If we imagine a stream object as a hose, opening the stream is like attaching the ends of the hose to a tap and sprinkler, and the bytes of data moving through the stream object are like the water flowing through the hose. One end of an open stream is attached to the program, and the other is attached to a file. The console I/O objects, cin, cout, and cerr are istream and ostream objects instantiated and connected to the console, which is just a special file, at program startup. Once created and opened (i.e., connected to a file), the file I/O objects behave like cin and cout, implying they support the operators and formatting manipulators described previously.
#include <iostream>
#include <fstream>
using namespace std;
(a)
ifstream
Input File Stream. The "if" stands for input and file, respectively, denoting a stream object from which programs can read data.
ofstream
Output File Stream. The "of" stands for output and file, denoting a stream object to which programs can write data.
fstream
File Stream. The "f" stands for file, but there is no indication of direction; so, it denotes a stream object that allows both reading and writing, although it requires programmers to provide additional configuration.
(b)
(c)
File streams. The meaning or direction of "input" and "output" is always relative to a running program. Input streams read data from a file into a program, and output streams write data from a program into a file. Stream objects treat data as a sequence or stream of bytes, so it is up to the program to group the bytes into meaningful units.

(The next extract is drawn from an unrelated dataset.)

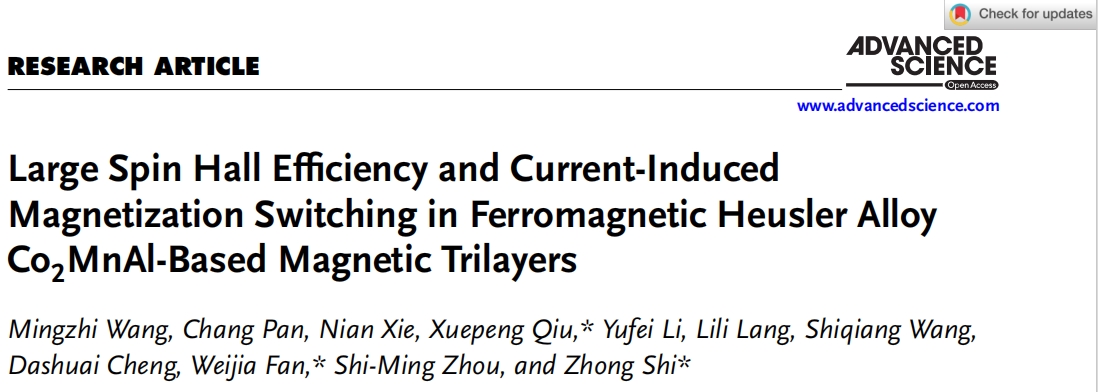近日,同济大学物理科学与工程学院磁性薄膜研究团队在铁磁性哈斯勒合金的自旋流产生机制研究中取得重要进展,研究成果以“Large Spin Hall Efficiency and Current-Induced Magnetization Switching in Ferromagnetic Heusler Alloy Co2MnAl-Based Magnetic Trilayers”为题,发表于《先进科学》(Advanced Science)。

C++ I/O header files. Files in a C++ program that perform I/O must include the appropriate header files. Including fstream also includes iostream, but if the program file also performs console I/O, it should also include iostream for clarity.
The main file I/O stream classes. While the fstream class is more flexible - programs can both read and write files through instances of this class - it is more complicated to use, so we'll focus most of our attention on ifstream and ofstream.
The relation between a program and stream objects. Opening an instance of ifstream attaches one end of the stream to an input file; opening an instance of ofstream attaches one end of the stream to an output file.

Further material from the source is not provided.